The term “antibody” or “antibodies” as used herein refers to immunoglobulin molecules and immunologically active portions of immunoglobulin molecules (i.e., molecules that contain an antigen binding site that immuno-specifically bind an antigen). The term also refers to antibodies comprised of two immunoglobulin heavy chains and two immunoglobulin light chains as well as a variety of forms including full length antibodies and portions thereof including, for example, an immunoglobulin molecule, a monoclonal antibody, a chimeric antibody, a CDR-grafted antibody, a humanized antibody, a Fab, a Fab′, a F(ab′)2, a Fv, a disulfide linked Fv, a scFv, a single domain antibody (dAb), a diabody, a multispecific antibody, a dual specific antibody, an anti-idiotypic antibody, a bispecific antibody, a functionally active epitope-binding fragment thereof, bifunctional hybrid antibodies (e.g., Lanzavecchia et al., Eur. J. Immunol. 17, 105 (1987)) and single chains (e.g., Huston et al., Proc. Natl. Acad. Sci. USA., 85, 5879-5883 (1988) and Bird et al., Science 242, 423-426 (1988), which are incorporated herein by reference). (See, generally, Hood et al., Immunology, Benjamin, N.Y., 2ND ed. (1984); Harlow and Lane, Antibodies. A Laboratory Manual, Cold Spring Harbor Laboratory (1988); Hunkapiller and Hood, Nature, 323, 15-16 (1986), which are incorporated herein by reference). The antibody may be of any type (e.g., IgG, IgA, IgM, IgE or IgD). Preferably, the antibody is IgG. More preferably, the antibody contains a Fc domain. An antibody may be non-human (e.g., from mouse, goat, or any other animal), fully human, humanized, or chimeric. Where a particular antibody (e.g., bevacizumab) is recited herein as the antibody, it is contemplated that a different antibody can be substituted.

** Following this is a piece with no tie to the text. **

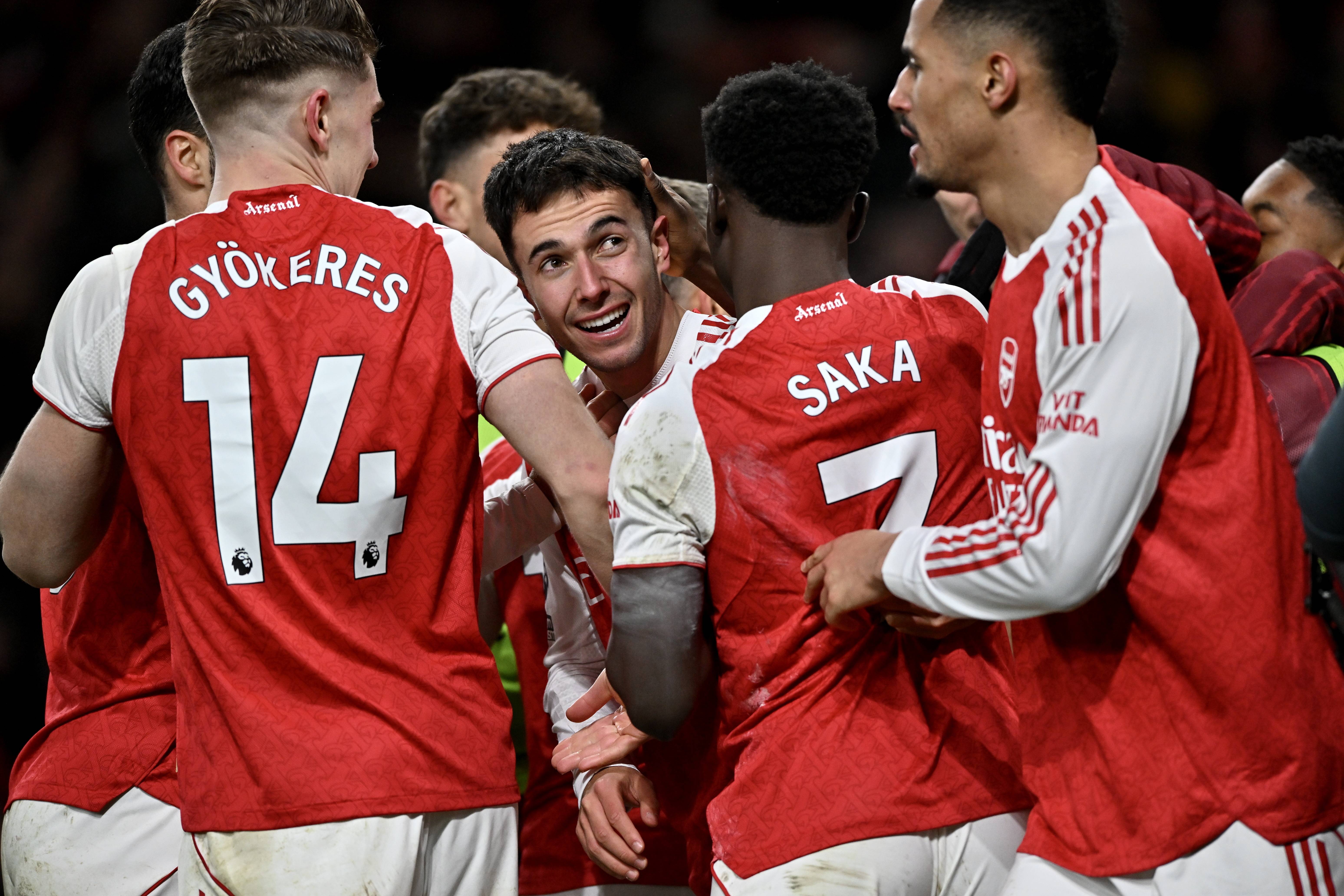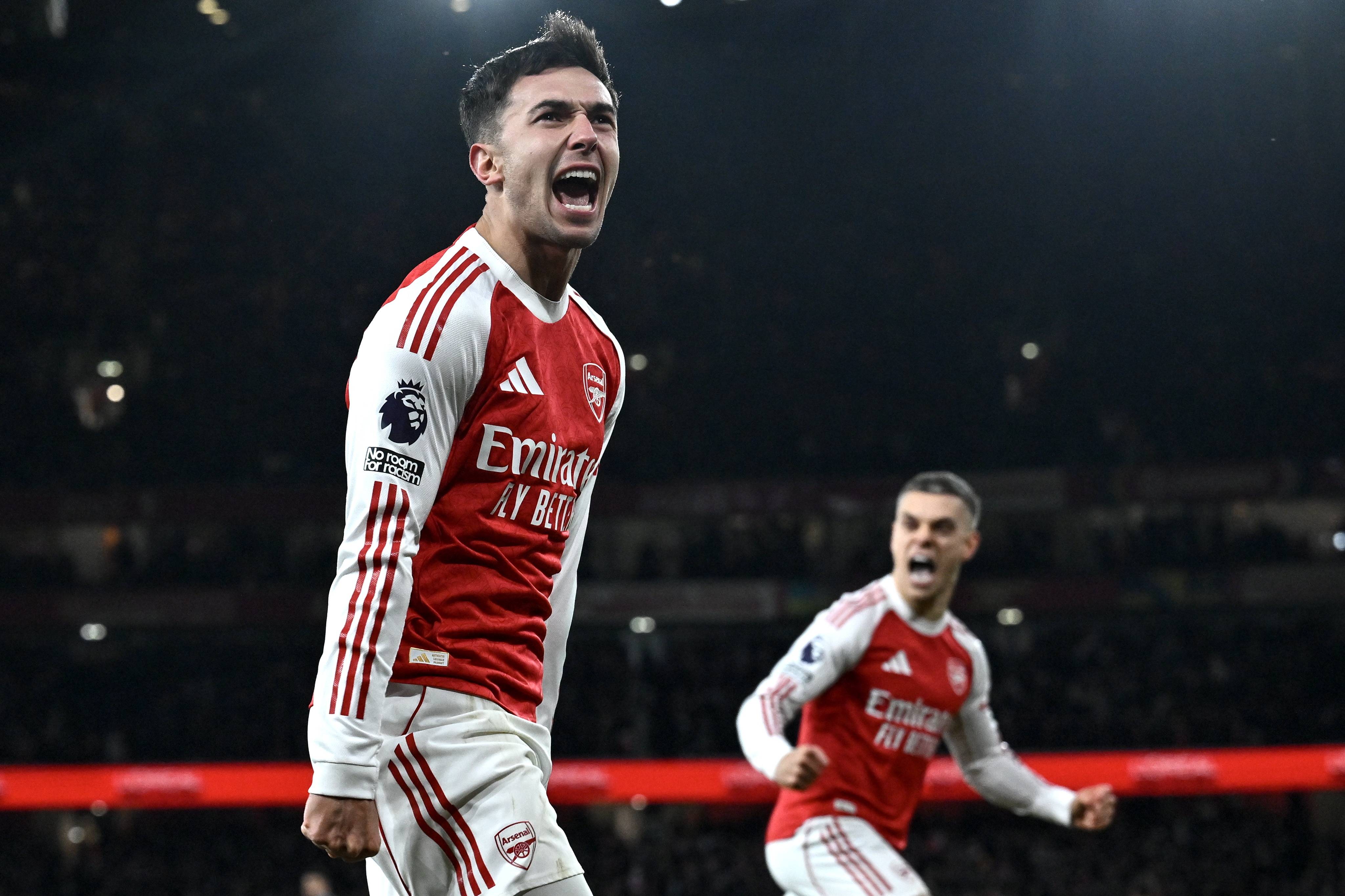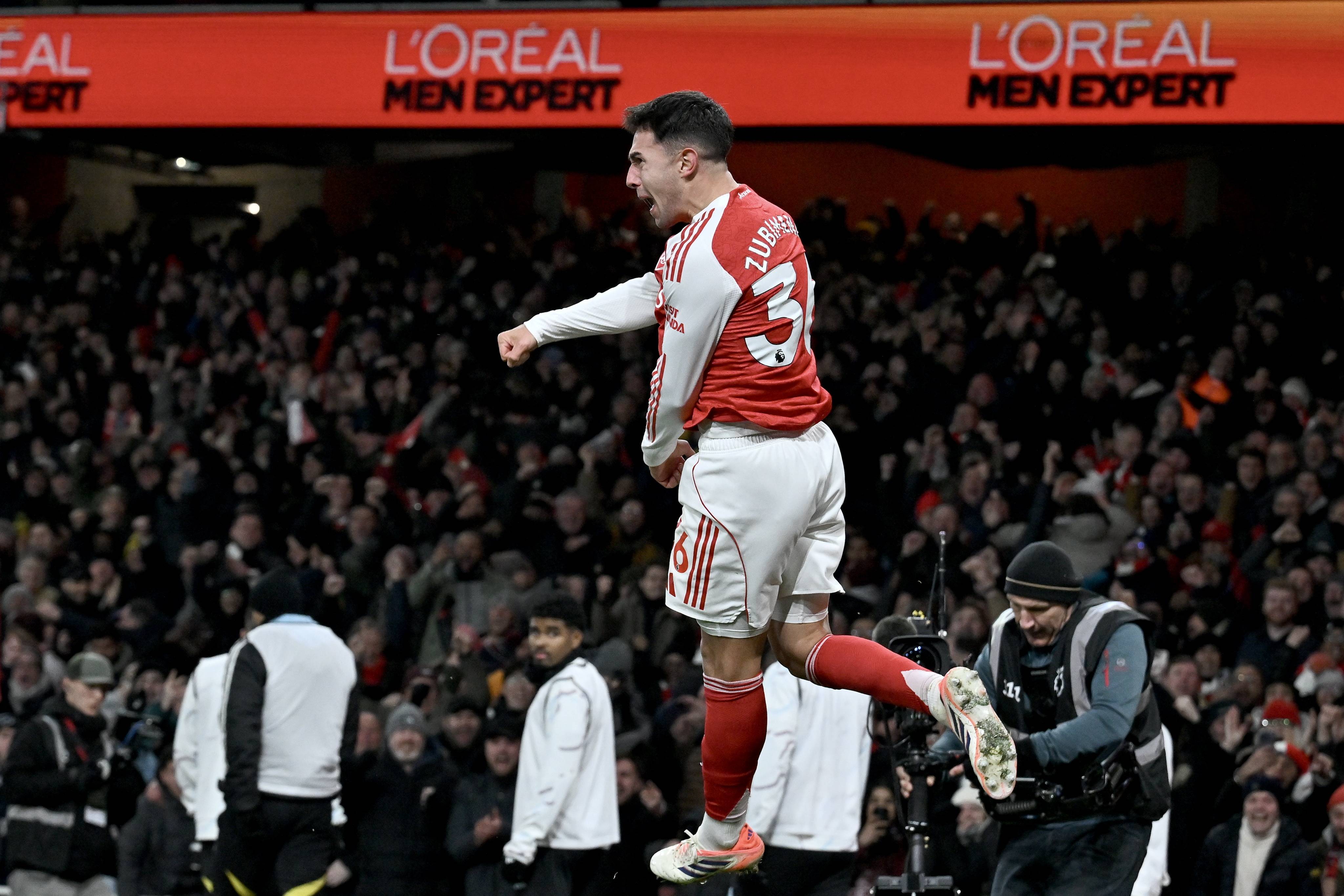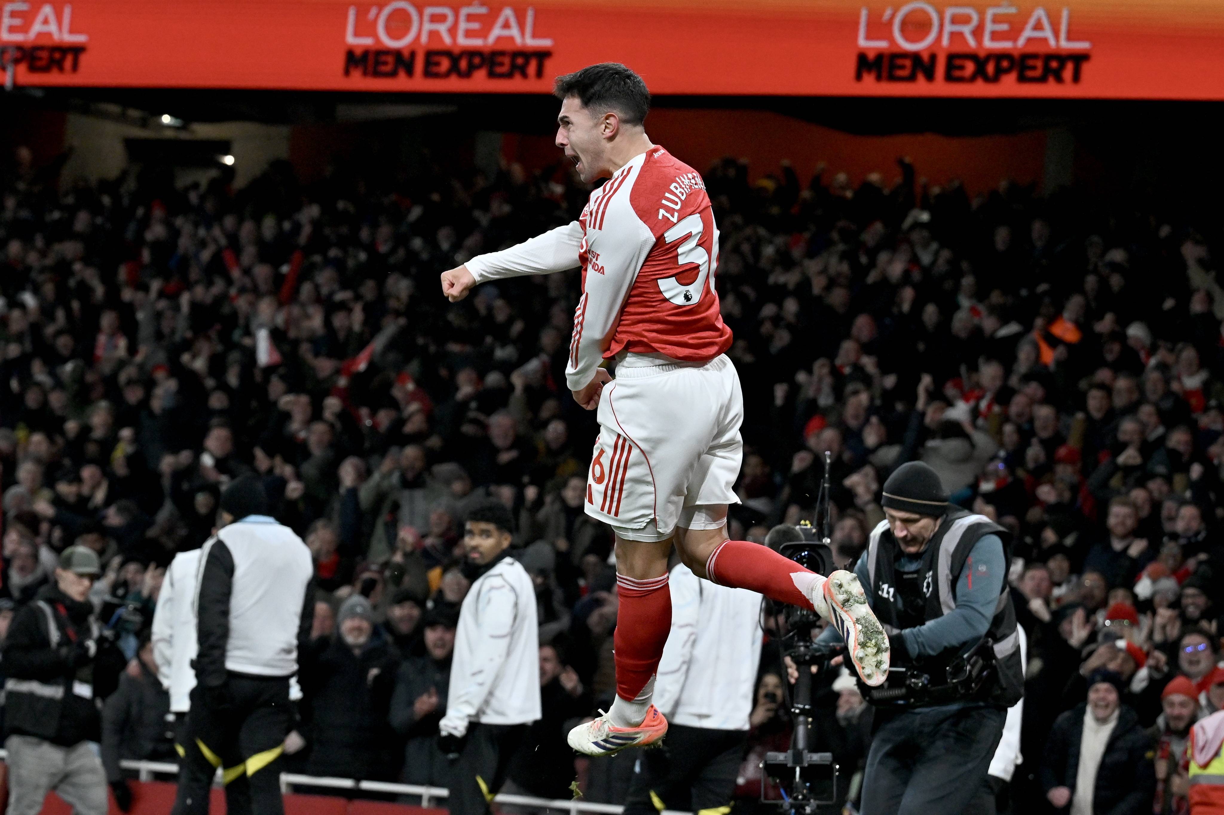 เมื่อวันที่ 30 ธันวาคม, นักเตะอาร์เซนอล มิเกล อาร์เตตา (ซ้าย) ฉลองการทำประตูที่สองของทีม. ซีเอ็นเอ็น/อีพีเอ
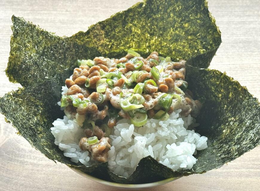 そんなイライラを解消してくれるのがこの食べ方!海苔を敷くことで茶碗が汚れず、さらに最後は海苔を巻いて食べれば納豆巻きが味わえるといううれしい特典付きです。

The term “antigen” is well understood in the art and includes substances which are immunogenic. As used herein, the term “antigen” may also refer to a substance to which a binding agent other than an antibody (e.g., an aptamer) can bind.
The term “aptamer” as used herein relates to a single-stranded DNA or RNA molecule or peptide that binds to a target, for example, small molecules, toxins, peptides, proteins, viruses, bacteria, and even whole cells. Aptamers can be engineered and then selected from large random sequence pools. To increase stability and binding affinity, nucleic acid aptamers may include unnatural or modified bases and/or a mini hairpin structure.
The term “binding agent” is generic to antibodies, aptamers modified to contain a carrier protein-binding portion, fusion proteins, and the like.
The term “biosimilar” as used herein refers to a biopharmaceutical which is deemed to be comparable in quality, safety, and efficacy to a reference product marketed by an innovator company.
The terms “carrier protein” and “protein carrier” are used interchangeably herein and refer to proteins that function to transport therapeutic agents, antibodies, or both. Examples of carrier proteins are discussed in more detail below. Where albumin is recited herein as the carrier protein, it is contemplated that a different carrier protein can be substituted.
The term “dose” and “dosage” refer to an amount of binding agent (e.g., antibody or aptamer) or chemotherapeutic drug (agent) given to a patient in need thereof. The attending clinician will select an appropriate dose from the range based on the patient's weight, age, health, stage of cancer, level of circulating antigen, and other relevant factors, all of which are well within the skill of the art. The term “unit dose” refers to a dose of the binding agent or chemotherapeutic drug that is given to the patient to provide a desired result. In some instances, the unit dose is sold in a sub-therapeutic formulation (e.g., 10% of the therapeutic dose). The unit dose may be administered as a single dose or a series of subdoses. Additionally, some terms used in this specification are more specifically defined below.
An “effective amount” intends to indicate the amount of a compound or agent (e.g., a chemotherapeutic drug) administered or delivered to the patient which is most likely to result in the desired treatment outcome. The amount is empirically determined by the patient's clinical parameters including, but not limited to the stage of disease, age, gender, histology, and likelihood for recurrence. In addition, the level of circulating antigen can be used to empirically determine the effective amount of the chemotherapeutic drug and/or binding agent to administer to a patient.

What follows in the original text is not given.